*The task:*
Give back every record below word for word, with the pictures omitted.

─── Exercise input ───

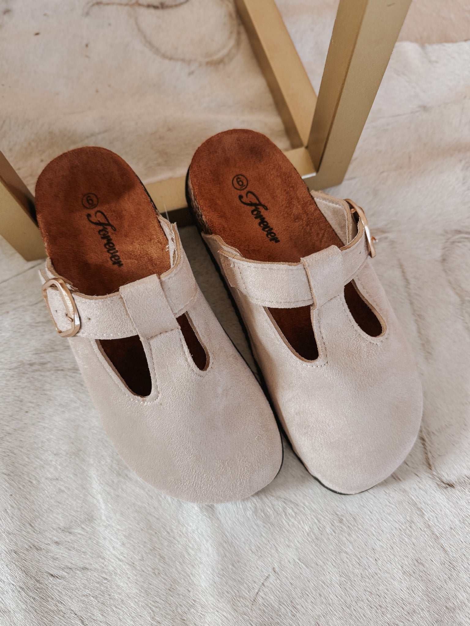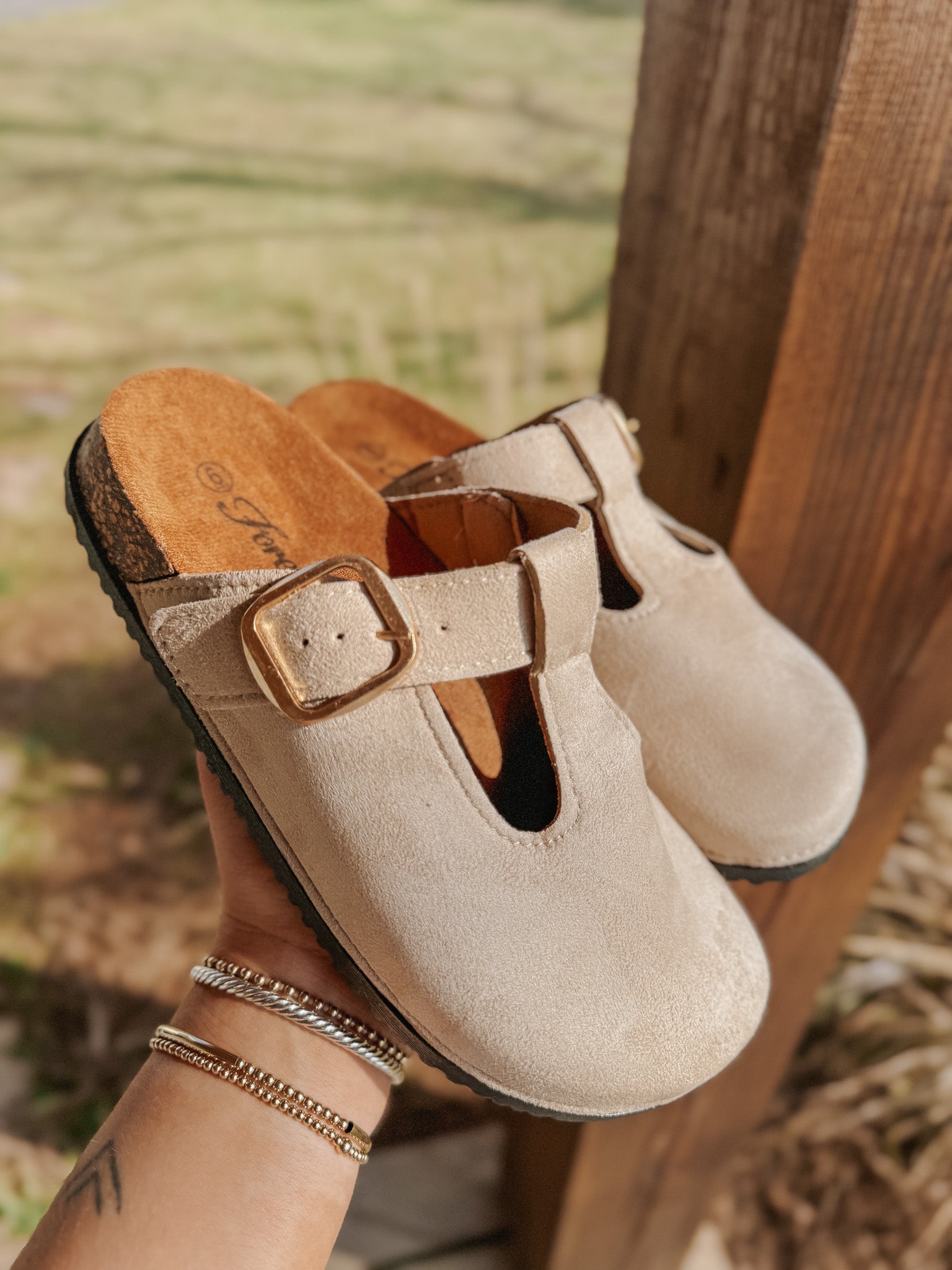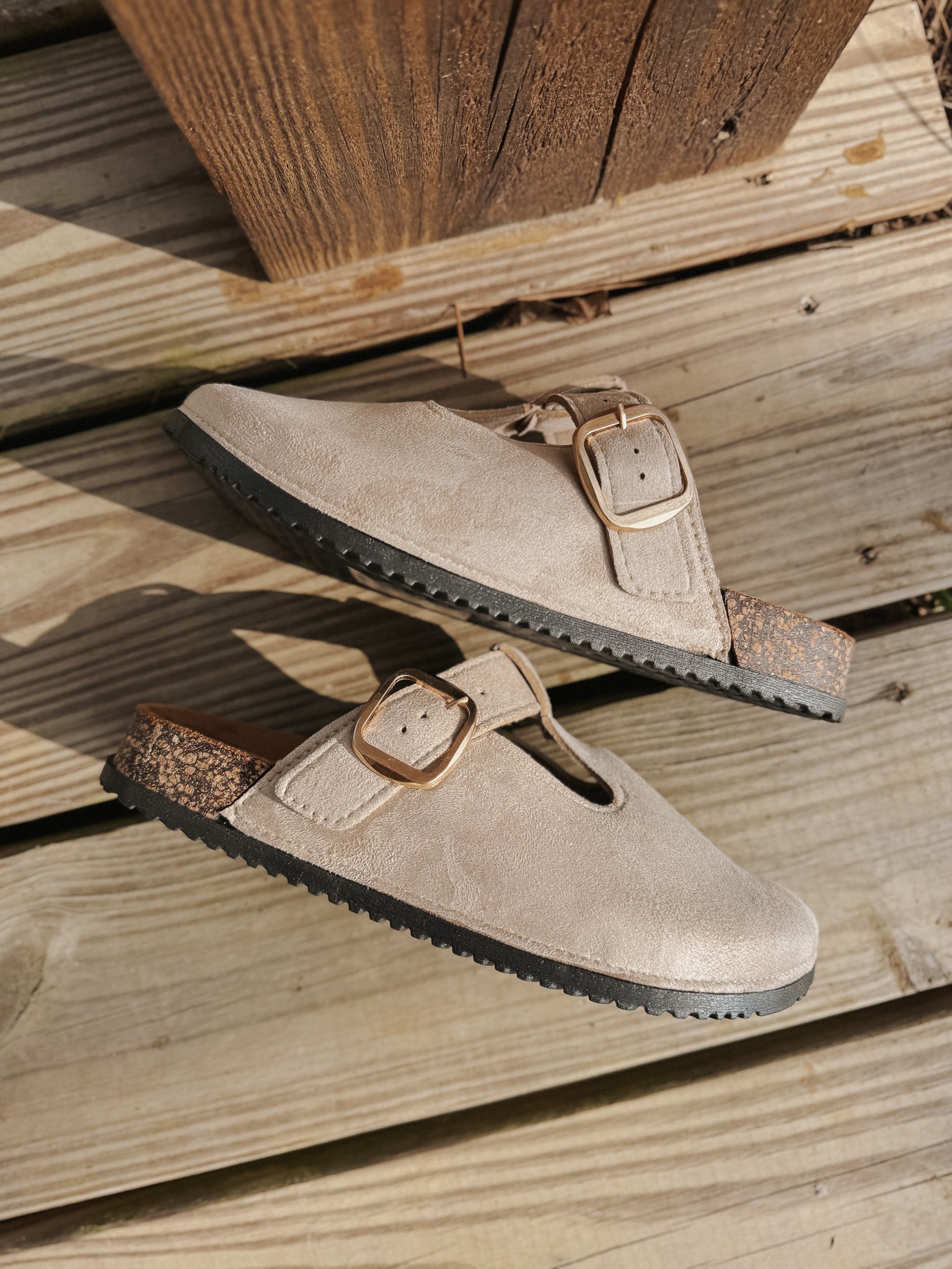 These stylish clog mules feature a neutral faux suede finish that pairs effortlessly with both casual and dressier outfits. Designed with a classic round toe and an instep strap accented by a metal buckle, they add just the right touch of on-trend flair. Easy to slip on and versatile enough for everyday wear, these clogs are a go-to for elevated, laid-back styling.
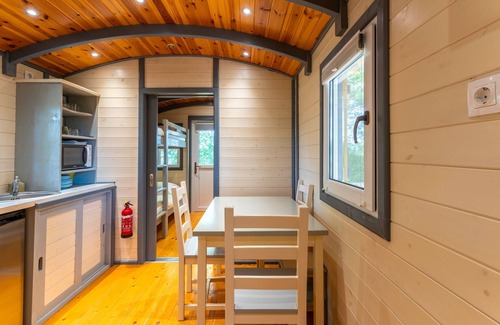 The Tiny Home Morgane in Saint-Andiol is the perfect accommodation for a stress-free holiday with your loved ones. The 20 m² property consists of a living room, 2 bedrooms and 1 bathroom and can therefore accommodate 4 people. Additional amenities include Wi-Fi with a dedicated workspace for home office, a TV, air conditioning, a fan as well as beach/pool towels. In addition, a table tennis table, a pool table, gym equipment and a shared sauna are available for your use. A baby cot is also available.
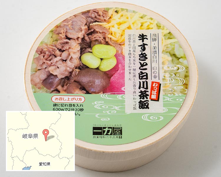 その茶飯の上にのせるのは、国産牛を使ったすき焼き。甘辛い味付けは控えめで、茶飯との一体感を重視。すべての工程を手作業で行い、冷凍でも味が損なわれないよう工夫されています。白川町の「白川茶を使用した新商品開発支援事業」から生まれた、地域性の高い一品です。
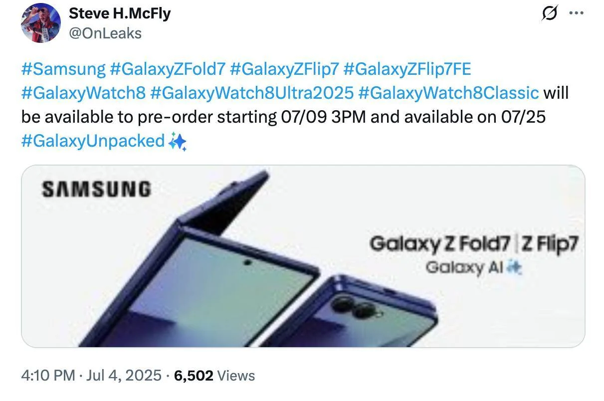 The next Unpacked event on July 9 will unveil the Galaxy Z Fold 7, Z Flip 7, Z Flip 7 FE, and Galaxy Watch 8 series. Recent leaks suggest that these devices will go on sale earlier than previously rumored, with pre-orders starting on the same day at 3 PM and shipping commencing on July 25.
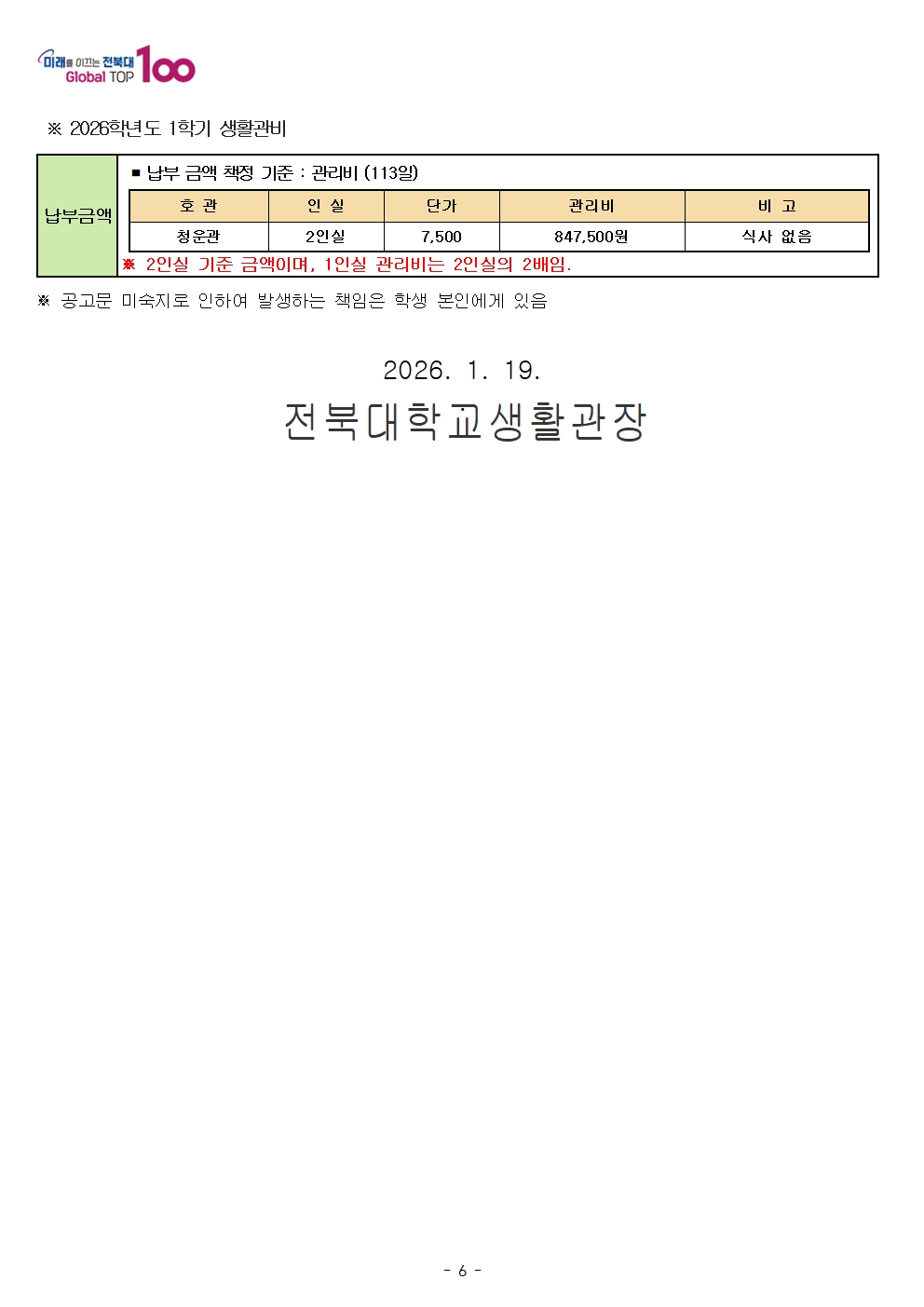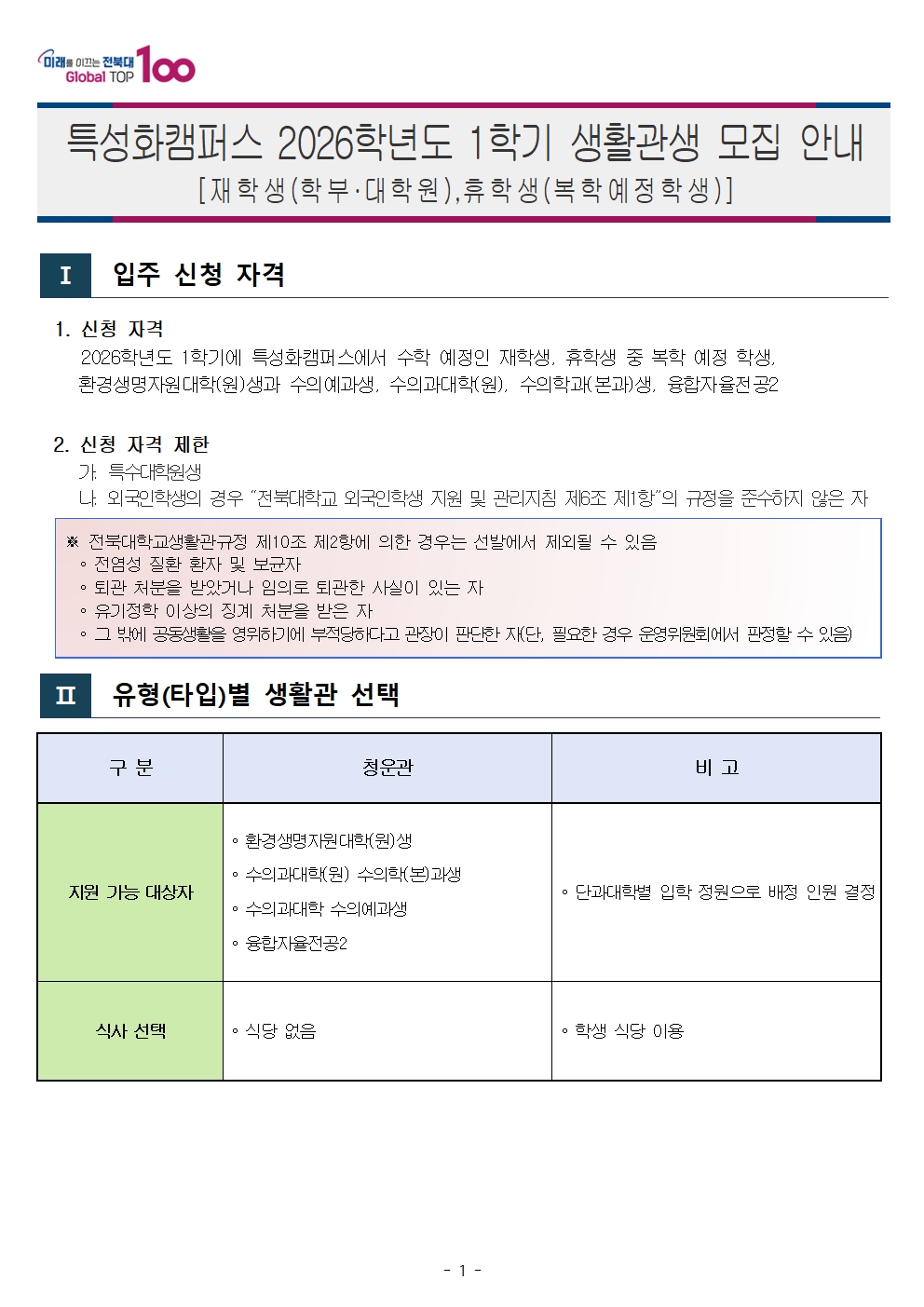 특성화캠퍼스 2026학년도 1학기 생활관생 모집 안내[재학생, 복학예정학생]
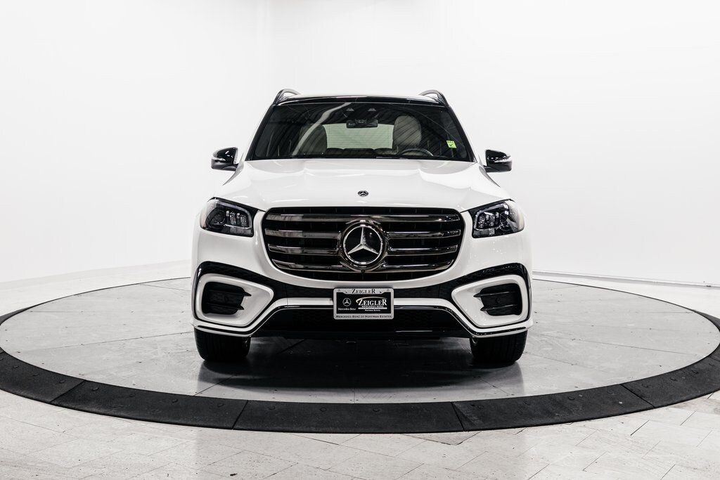 Polar White 2026 Mercedes-Benz GLS GLS 450 4MATIC® 4MATIC® 9-Speed Automatic 3.0L I6 2nd Row Captain Seats, ABS brakes, Active Cruise Control, AMG® Bodystyling, AMG® Brushed Stainless Steel Sports Pedals, AMG® Floor Mats, AMG® Line Exterior, AMG® Rear Apron, AMG® Side Skirts in Body Color, AMG® Sport 3-Twin-Spoke Steering Wheel, Apple CarPlay®/Android Auto®, Brake assist, Compass, Dashcam, Electronic Stability Control, Front and Rear Flared Wheel Arches in Body Color, Front Bucket Seats, Front dual zone A/C, Heated door mirrors, Heated Rear Seats, Illuminated entry, Large Front Brake System, Low tire pressure warning, Navigation System, Power Liftgate, Power passenger seat, Rear dual zone A/C, Remote keyless entry, Split folding rear seat, Traction control, Ventilated front seats.

───

*Solution to this task:*
 These stylish clog mules feature a neutral faux suede finish that pairs effortlessly with both casual and dressier outfits. Designed with a classic round toe and an instep strap accented by a metal buckle, they add just the right touch of on-trend flair. Easy to slip on and versatile enough for everyday wear, these clogs are a go-to for elevated, laid-back styling.
 The Tiny Home Morgane in Saint-Andiol is the perfect accommodation for a stress-free holiday with your loved ones. The 20 m² property consists of a living room, 2 bedrooms and 1 bathroom and can therefore accommodate 4 people. Additional amenities include Wi-Fi with a dedicated workspace for home office, a TV, air conditioning, a fan as well as beach/pool towels. In addition, a table tennis table, a pool table, gym equipment and a shared sauna are available for your use. A baby cot is also available.
 その茶飯の上にのせるのは、国産牛を使ったすき焼き。甘辛い味付けは控えめで、茶飯との一体感を重視。すべての工程を手作業で行い、冷凍でも味が損なわれないよう工夫されています。白川町の「白川茶を使用した新商品開発支援事業」から生まれた、地域性の高い一品です。
 The next Unpacked event on July 9 will unveil the Galaxy Z Fold 7, Z Flip 7, Z Flip 7 FE, and Galaxy Watch 8 series. Recent leaks suggest that these devices will go on sale earlier than previously rumored, with pre-orders starting on the same day at 3 PM and shipping commencing on July 25.
 특성화캠퍼스 2026학년도 1학기 생활관생 모집 안내[재학생, 복학예정학생]
 Polar White 2026 Mercedes-Benz GLS GLS 450 4MATIC® 4MATIC® 9-Speed Automatic 3.0L I6 2nd Row Captain Seats, ABS brakes, Active Cruise Control, AMG® Bodystyling, AMG® Brushed Stainless Steel Sports Pedals, AMG® Floor Mats, AMG® Line Exterior, AMG® Rear Apron, AMG® Side Skirts in Body Color, AMG® Sport 3-Twin-Spoke Steering Wheel, Apple CarPlay®/Android Auto®, Brake assist, Compass, Dashcam, Electronic Stability Control, Front and Rear Flared Wheel Arches in Body Color, Front Bucket Seats, Front dual zone A/C, Heated door mirrors, Heated Rear Seats, Illuminated entry, Large Front Brake System, Low tire pressure warning, Navigation System, Power Liftgate, Power passenger seat, Rear dual zone A/C, Remote keyless entry, Split folding rear seat, Traction control, Ventilated front seats.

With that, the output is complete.